_Work required:_
Repeat the listing below in full and exactly. Pictures are to be omitted.
Top of Raw data
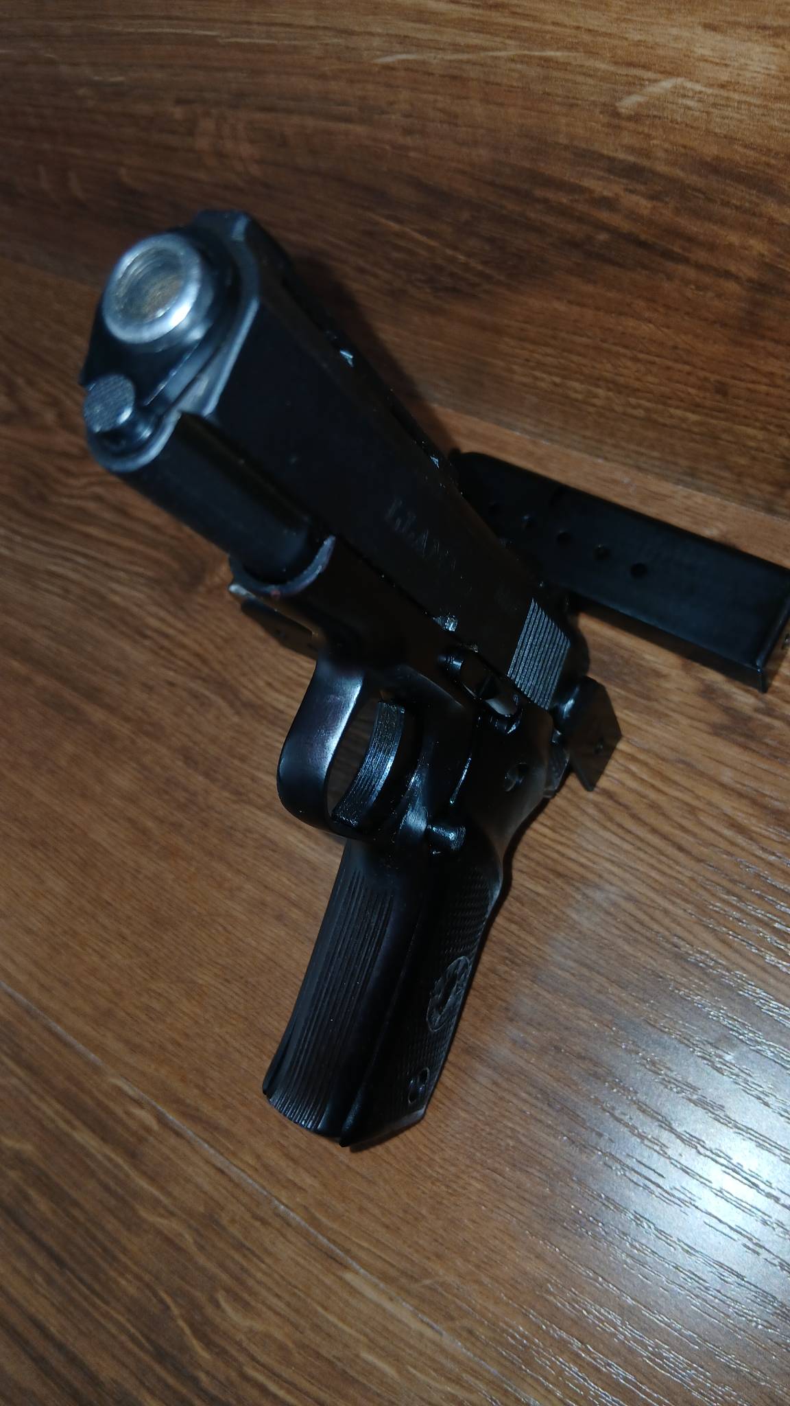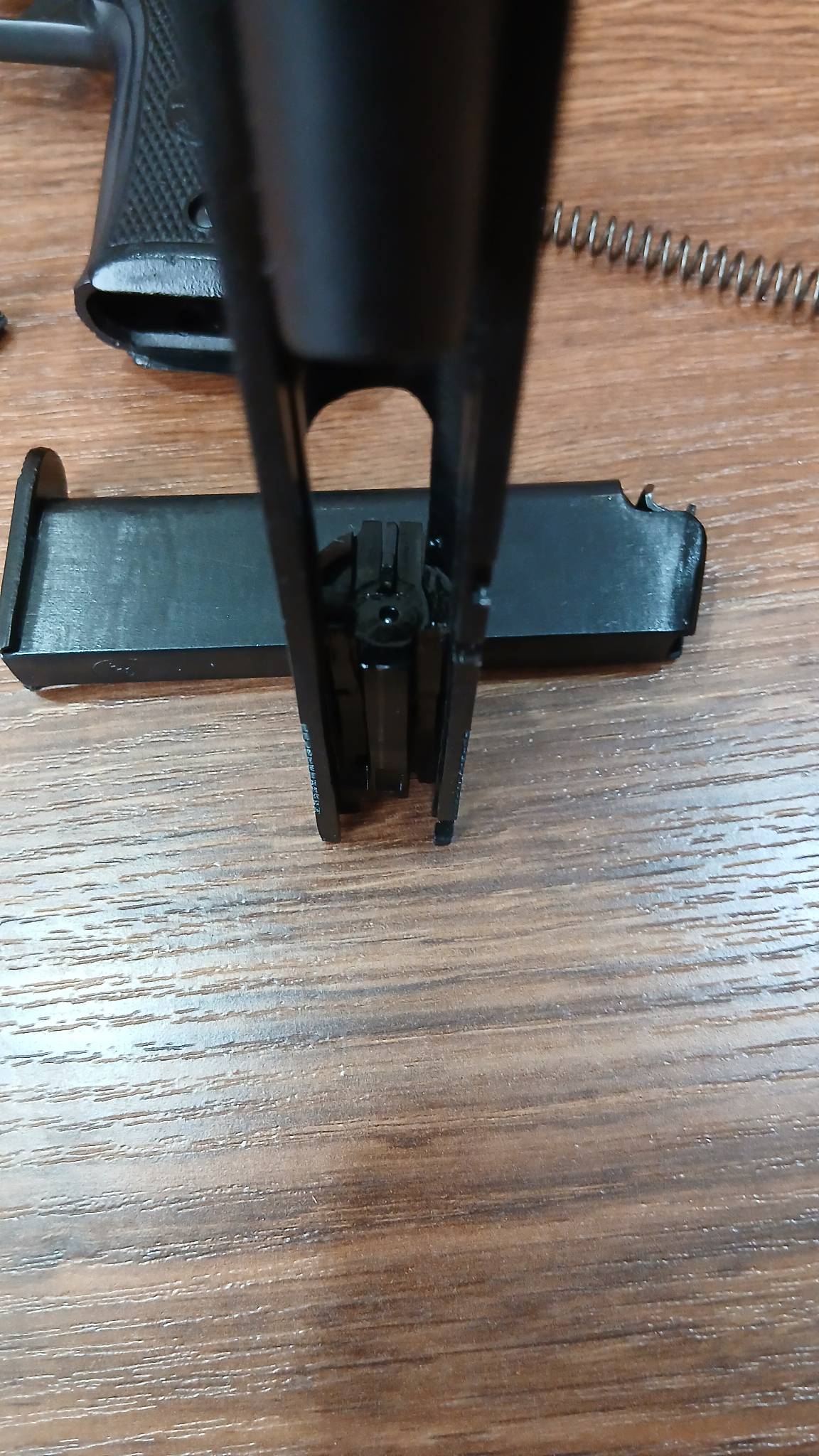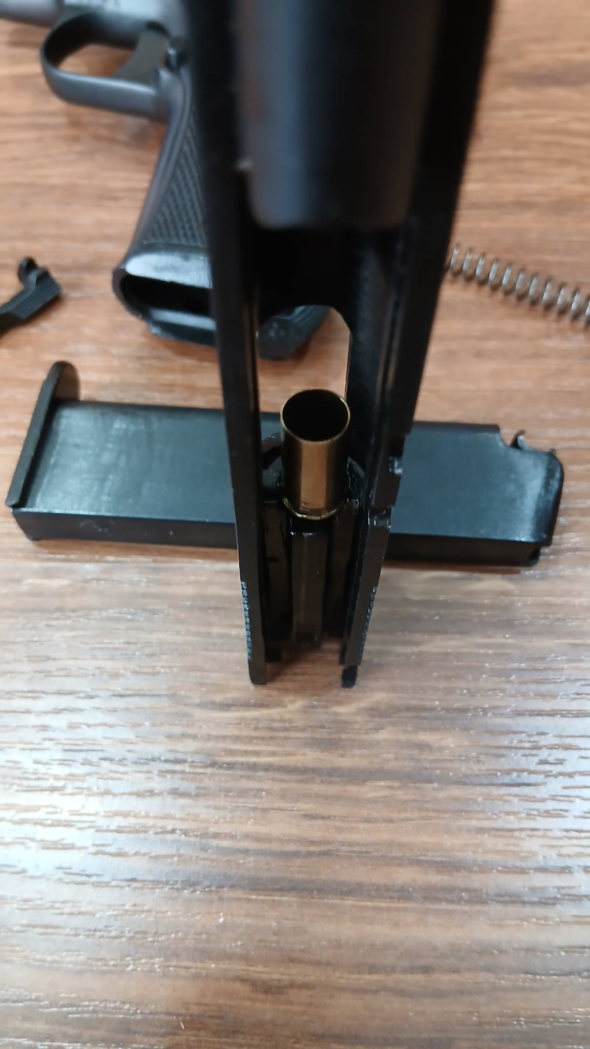 Зеркало затвора востановлено, курок востоновлен, на одном магазине востоновленна одна губа.
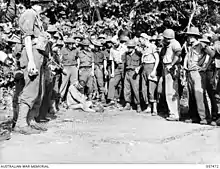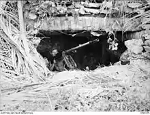 The attack was delivered but the assault companies were soon pinned down. "When a situation seemed desperate", historian David Dexter noted, "the Australian Army appeared to have the knack of producing a leader of the necessary character".[101] Sergeant G. R. Crawford led 11 and 12 Platoons of the 2/13th Infantry Battalion in a bayonet charge on the Japanese positions covering Ilebbe Creek. Private A. J. Rofle, firing a Bren gun from the hip, silenced one of the Japanese posts causing the most trouble. He went on to silence another, but was wounded trying to take out a third. Crawford's furious assault swept all before it. One post remained on Crawford's left, which was attacked with 2-inch mortars and attacked by 8 Platoon. The Japanese abandoned the post and withdrew into the Salankaua Plantation.[102] Rolfe and Crawford were awarded the Distinguished Conduct Medal.[103][104] The 2/13th Infantry Battalion lost 10 killed and 70 wounded; between 80 and 100 Japanese marines died.[105]
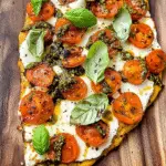 Every so often, a dish comes along that makes you feel like a culinary rock star. The Caprese Pesto Flatbread is one of those dishes. Imagine the crispy flatbread base, slathered with aromatic pesto, topped with juicy tomatoes and creamy mozzarella. It’s an explosion of flavors and textures that will awaken your taste buds and have you floating on a cloud of deliciousness.
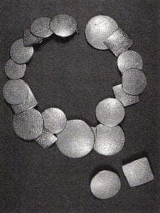 Working with stainless requires months of experimentation, especially with forcing oxides onto a surface that is created to resist contamination. Ultimately, she realized surfaces in gray, orange, black and white patinas. She developed delicate welding processes to attach pieces of stainless to each other, increasing her own knowledge of metal techniques. One of the most challenging pieces of the collection was a necklace with interlocking elements that looked like a small wall of pierced decorative parts.
Bottom of Raw data
_Result below:_
 Зеркало затвора востановлено, курок востоновлен, на одном магазине востоновленна одна губа.
 The attack was delivered but the assault companies were soon pinned down. "When a situation seemed desperate", historian David Dexter noted, "the Australian Army appeared to have the knack of producing a leader of the necessary character".[101] Sergeant G. R. Crawford led 11 and 12 Platoons of the 2/13th Infantry Battalion in a bayonet charge on the Japanese positions covering Ilebbe Creek. Private A. J. Rofle, firing a Bren gun from the hip, silenced one of the Japanese posts causing the most trouble. He went on to silence another, but was wounded trying to take out a third. Crawford's furious assault swept all before it. One post remained on Crawford's left, which was attacked with 2-inch mortars and attacked by 8 Platoon. The Japanese abandoned the post and withdrew into the Salankaua Plantation.[102] Rolfe and Crawford were awarded the Distinguished Conduct Medal.[103][104] The 2/13th Infantry Battalion lost 10 killed and 70 wounded; between 80 and 100 Japanese marines died.[105]
 Every so often, a dish comes along that makes you feel like a culinary rock star. The Caprese Pesto Flatbread is one of those dishes. Imagine the crispy flatbread base, slathered with aromatic pesto, topped with juicy tomatoes and creamy mozzarella. It’s an explosion of flavors and textures that will awaken your taste buds and have you floating on a cloud of deliciousness.
 Working with stainless requires months of experimentation, especially with forcing oxides onto a surface that is created to resist contamination. Ultimately, she realized surfaces in gray, orange, black and white patinas. She developed delicate welding processes to attach pieces of stainless to each other, increasing her own knowledge of metal techniques. One of the most challenging pieces of the collection was a necklace with interlocking elements that looked like a small wall of pierced decorative parts.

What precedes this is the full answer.